Assignment:
Make an exact copy of the listing below. Pictures stay out of it.

Data section:

Content starts

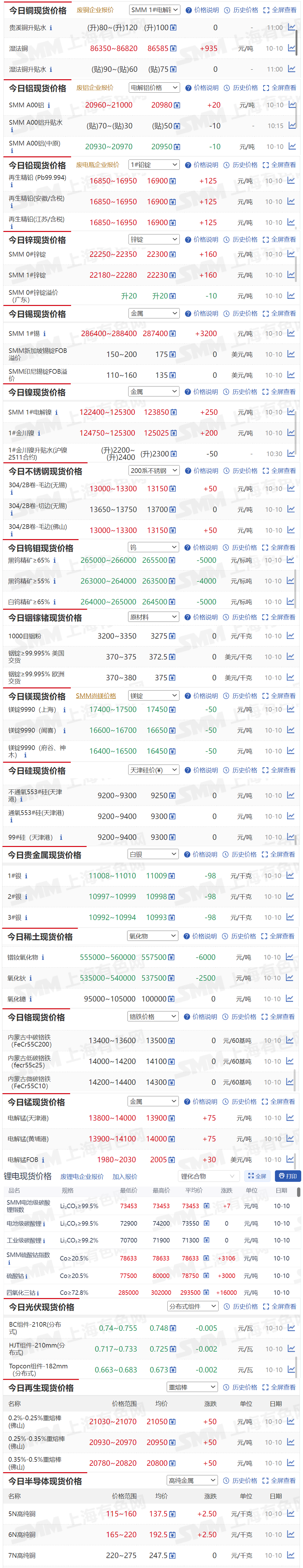 ►10月10日广东铜现货市场各时段升贴水(第四时段10:50)【SMM价格】
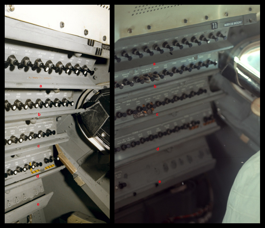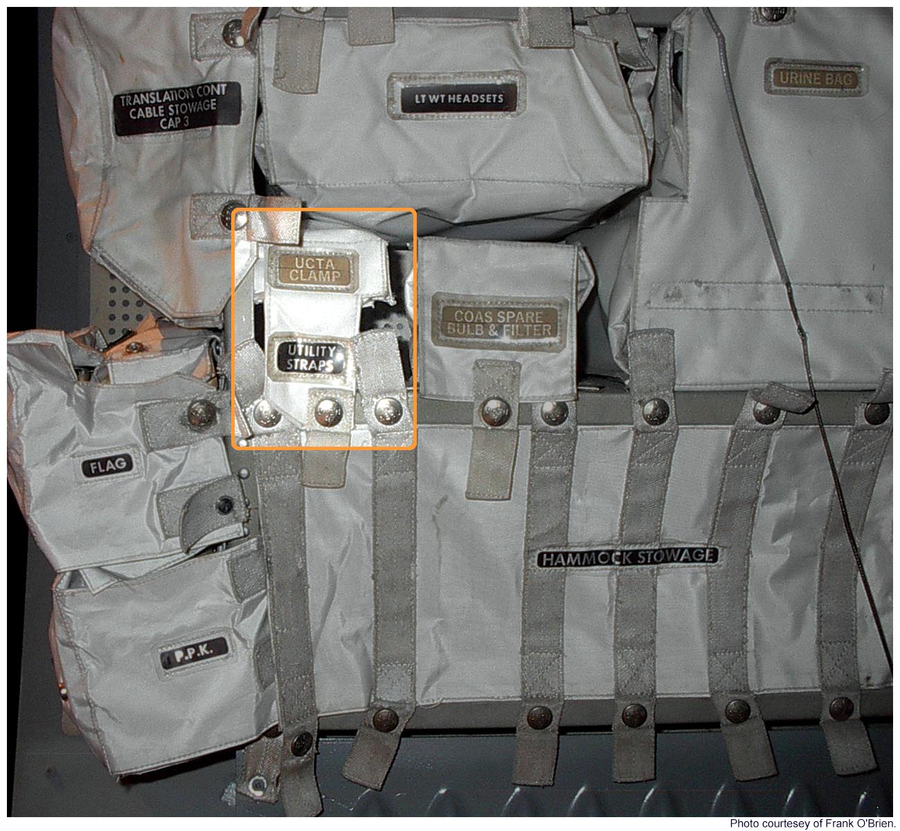[A detail from a photo taken by Frank O'Brien of a LM simulator at the Cradle of Aviation Museum shows the stowage location for utility straps in the Right Hand Side Stowage Compartment (RHSSC).]129:21:40 Bean: We'll do it. (Pause)
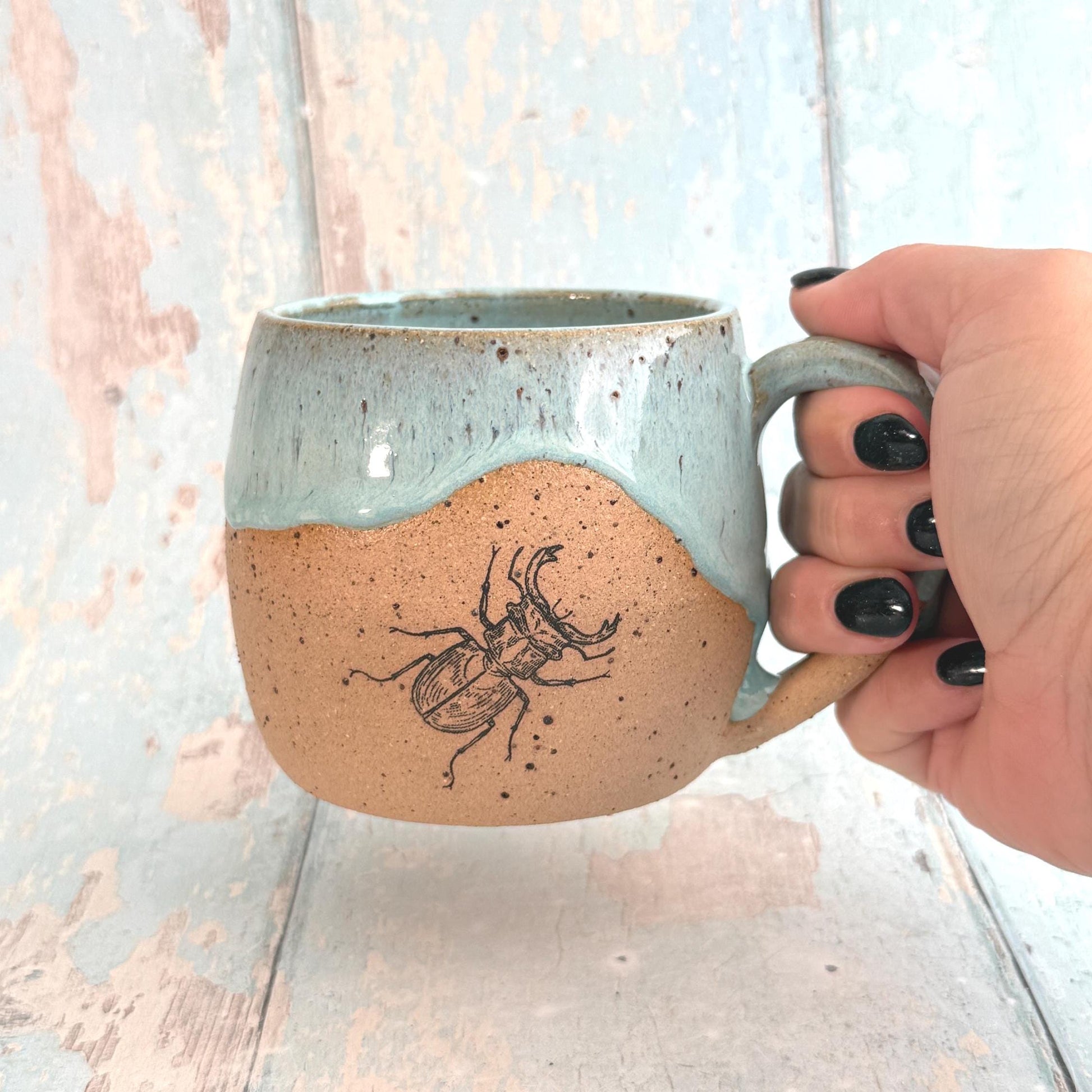 This large beetle mug has turquoise glaze and has black beetles on raw clay.
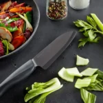 A Santoku knife is a superb addition to any knife set. it’s suitable for preparing meat, fish or vegetables. The deep blade and gently curved edge mean that many people find it easier to handle than a traditional chef’s knife. The depth of the blade gives the knife the power to cut root vegetables with ease while the rounded point is ideal for fine dicing. The rectangular shape makes it easy to scoop up your chopped ingredients and transfer them to the pan.
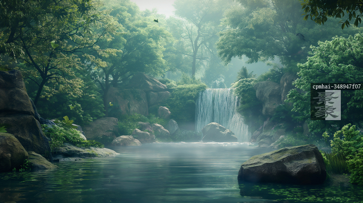 图片标题: 晨雾中的森林溪流
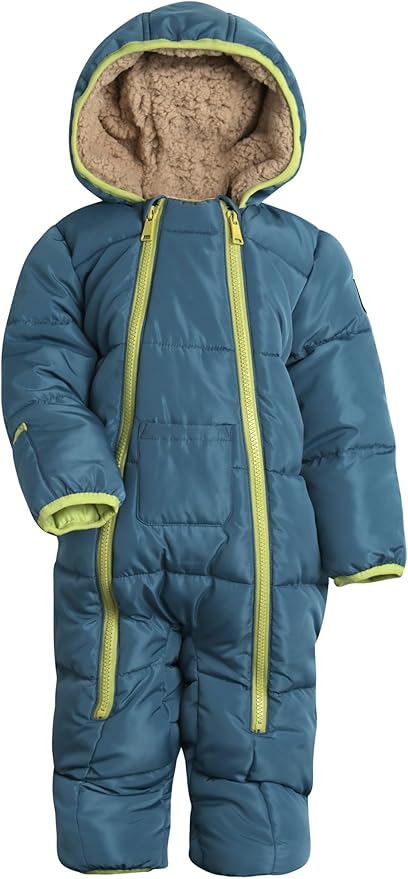 Baby Boys' Snow Pram - Newborn Sherpa Hood One Piece Snowsuit - Cozy Polar Fleece Lined Winter Coat for Baby Boys 12-24M
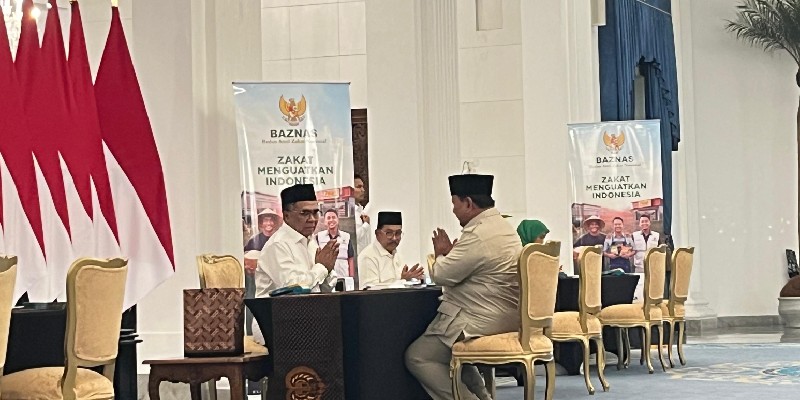 Presiden Prabowo Subianto tiba di lokasi mengenakan baju safari krem dan peci hitam, didampingi Sekretaris Kabinet Teddy Indra Wijaya. Prabowo duduk, menyerahkan zakat melalui akad dengan berjabat tangan bersama petugas, lalu menutup prosesi dengan doa.

Content ends

Solution to the exercise:
 ►10月10日广东铜现货市场各时段升贴水(第四时段10:50)【SMM价格】
[A detail from a photo taken by Frank O'Brien of a LM simulator at the Cradle of Aviation Museum shows the stowage location for utility straps in the Right Hand Side Stowage Compartment (RHSSC).]129:21:40 Bean: We'll do it. (Pause)
 This large beetle mug has turquoise glaze and has black beetles on raw clay.
 A Santoku knife is a superb addition to any knife set. it’s suitable for preparing meat, fish or vegetables. The deep blade and gently curved edge mean that many people find it easier to handle than a traditional chef’s knife. The depth of the blade gives the knife the power to cut root vegetables with ease while the rounded point is ideal for fine dicing. The rectangular shape makes it easy to scoop up your chopped ingredients and transfer them to the pan.
 图片标题: 晨雾中的森林溪流
 Baby Boys' Snow Pram - Newborn Sherpa Hood One Piece Snowsuit - Cozy Polar Fleece Lined Winter Coat for Baby Boys 12-24M
 Presiden Prabowo Subianto tiba di lokasi mengenakan baju safari krem dan peci hitam, didampingi Sekretaris Kabinet Teddy Indra Wijaya. Prabowo duduk, menyerahkan zakat melalui akad dengan berjabat tangan bersama petugas, lalu menutup prosesi dengan doa.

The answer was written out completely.